Microsoft and GitHub have been Served with A Lawsuit Over AI

Microsoft and GitHub have been Served with A Lawsuit Over AI

A US$9 billion lawsuit is filed against Microsoft and GitHub over infringing copyrights

A proposed class action complaint names Microsoft and GitHub, and its business partner OpenAI, alleging that their development of the AI-powered coding assistance GitHub Copilot depends on "software theft on an unprecedented scale." The case is still in its early stages, but it has the potential to have a significant impact.

It will impact the wider field of artificial intelligence, where businesses are generating fortunes by teaching software using data that is copyright-protected. Copilot, which Microsoft-owned GitHub launched in June 2021, is trained on web-scraped public code repositories, many of which are made available under licenses that oblige anyone using the code to give credit to its authors. Copilot has been found to repeat lengthy passages of licensed code without giving credit, which has led to this complaint accusing the corporations of flagrant copyright law violations. A set of 11 open-source licenses that require attribution of the author's name and copyright.

Programmer and attorney Matthew Butterick, who filed the complaint with the aid of the San Francisco-based Joseph Saveri Law Firm, stated in a press release that "We are chal­leng­ing the legal­ity of GitHub Copi­lot." "This is just the beginning of a long journey. According to our knowledge, this is the first class-action lawsuit in the US to contest how AI systems are trained and produced. It won't be the final. AI software is not excluded from the law. These systems' creators and operators must continue to be held accountable.
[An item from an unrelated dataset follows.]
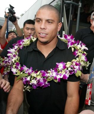 北京時間7月20日凌晨,西甲豪門球隊皇家馬德里飛抵北京,開始對中國進行為期四天的訪問。圖為羅納爾多帶上中國方面獻上的花環(huán)。

Microsoft and OpenAI are not the only companies using web content that is protected by copyright to train AI systems. The open-source software Stable Diffusion is only one example of a text-to-image AI that was developed in precisely the same manner. The companies behind these programs believe that the fair use theory in the US covers their use of this data. However, according to legal experts, this is not yet settled law, and future litigation, such as Butterick's class action case, might completely alter the ill-defined status quo.

GitHub responded to a request for comment by saying: "We've been committed to responsibly innovating with Copilot from the outset, and will continue to evolve the product to best serve developers throughout the world."